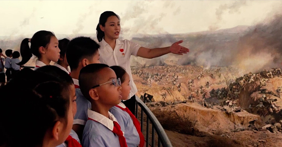 辽沈战役纪念馆讲解员姚璐璐在全景画馆为小学生讲述战斗故事。
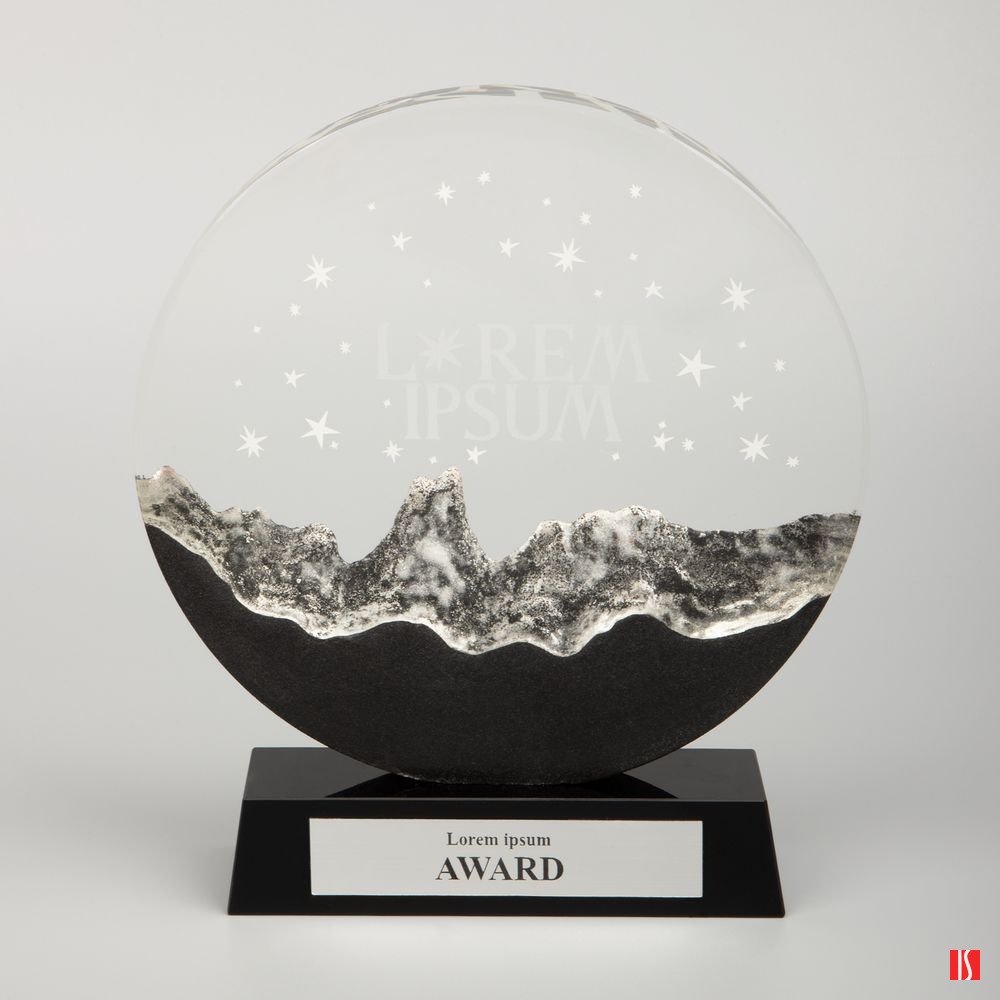 Прозрачная круглая часть и черное основание стелы изготовлены из премиального стекла К9, в основе которого лежит оптическое боросиликатное стекло. Эту марку стекла отличает низкий процент посторонних включений, высокий показатель преломления и высокая прозрачность — идеальные качества для изготовления наград премиального уровня.
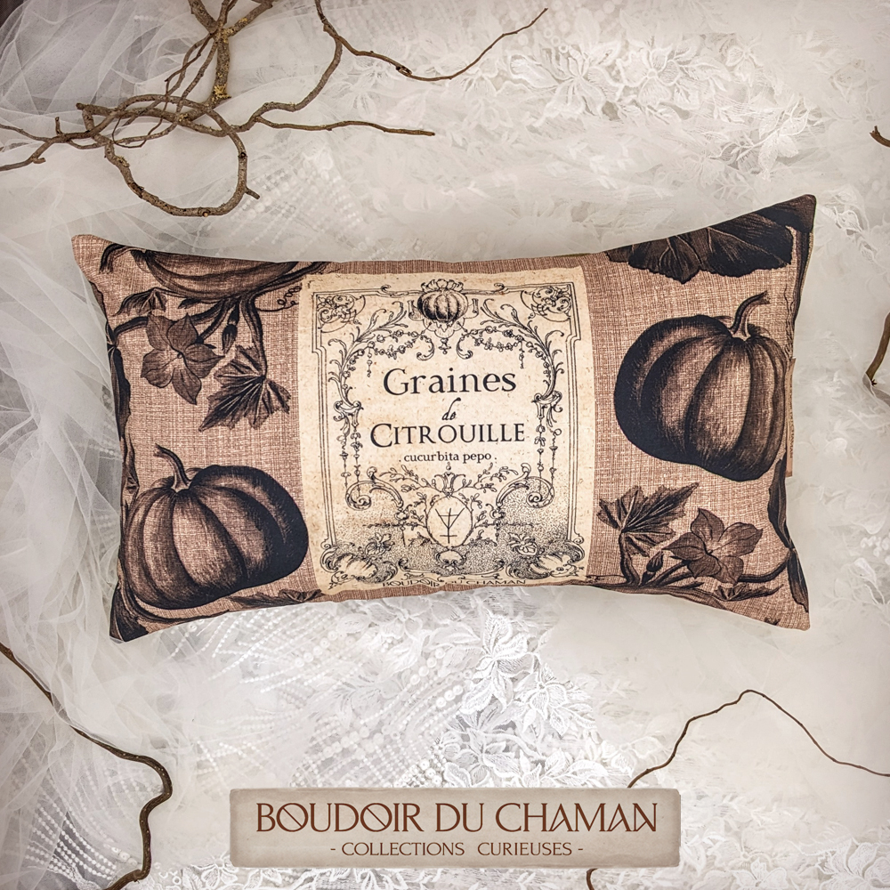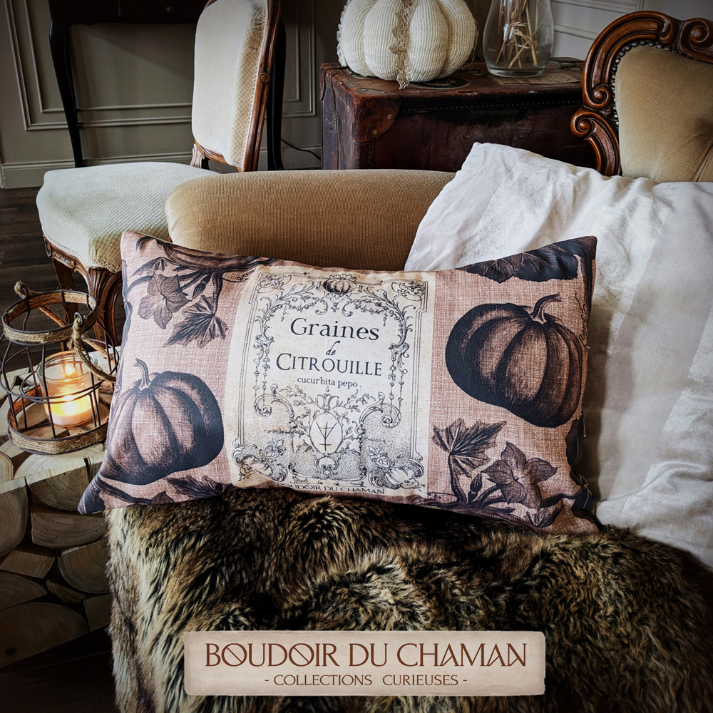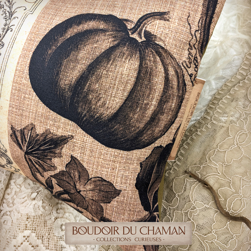 Une ode à l’automne et à ses récoltes de citrouilles! ce coussin est une composition originale du Boudoir. Le dos est brodé de dentelle. Lavage à la main ou à 30° en cycle court. Ne pas passer au sèche linge.
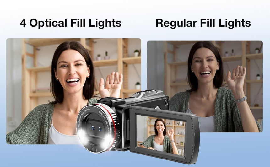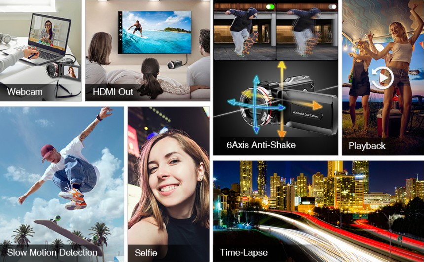 Caméra vidéo 4K 64MP Caméscope Vlogging - Caméra YouTube - Dual Camera 3Pouces - Écran Rotatif à 270° - Video Camera avec Carte 64 Go, Microphone, stabilisateur, télécommande, 2 Piles rechargeable.
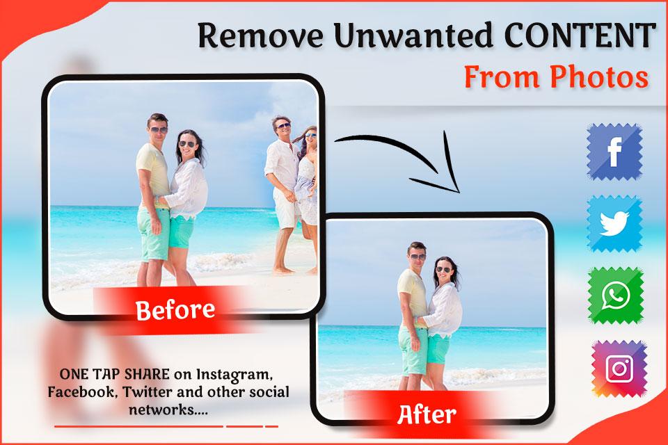Remove Object: Erase Unwanted Content from Photo Change your Smartphone Photos and make them look like they were shot on a HD DSLR Camera. Use Remove Objects app to remove all unwanted items from photos.
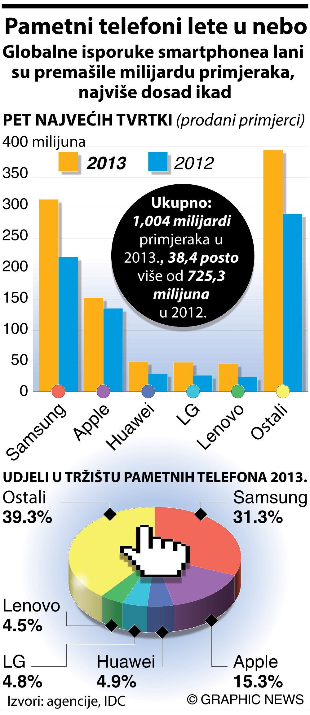Samsung je prošlu godinu završio kao neosporni predvodnik, sa 313,9 milijuna isporučenih pametnih telefona poput Galaxyja 3 i 4 te nekoliko modela iz serije Note. Imao je dvostruko više od drugoplasiranog Applea - Samsung je ugrabio 31,3 posto, a Apple (sa 153,4 milijuna uređaja) 15,3 posto tržišta.

ABOUT THIS TASK: An exact reproduction of the data is needed, with no pictures included.

RESULT FOR THIS TASK:
 辽沈战役纪念馆讲解员姚璐璐在全景画馆为小学生讲述战斗故事。
 Прозрачная круглая часть и черное основание стелы изготовлены из премиального стекла К9, в основе которого лежит оптическое боросиликатное стекло. Эту марку стекла отличает низкий процент посторонних включений, высокий показатель преломления и высокая прозрачность — идеальные качества для изготовления наград премиального уровня.
 Une ode à l’automne et à ses récoltes de citrouilles! ce coussin est une composition originale du Boudoir. Le dos est brodé de dentelle. Lavage à la main ou à 30° en cycle court. Ne pas passer au sèche linge.
 Caméra vidéo 4K 64MP Caméscope Vlogging - Caméra YouTube - Dual Camera 3Pouces - Écran Rotatif à 270° - Video Camera avec Carte 64 Go, Microphone, stabilisateur, télécommande, 2 Piles rechargeable.
Remove Object: Erase Unwanted Content from Photo Change your Smartphone Photos and make them look like they were shot on a HD DSLR Camera. Use Remove Objects app to remove all unwanted items from photos.
Samsung je prošlu godinu završio kao neosporni predvodnik, sa 313,9 milijuna isporučenih pametnih telefona poput Galaxyja 3 i 4 te nekoliko modela iz serije Note. Imao je dvostruko više od drugoplasiranog Applea - Samsung je ugrabio 31,3 posto, a Apple (sa 153,4 milijuna uređaja) 15,3 posto tržišta.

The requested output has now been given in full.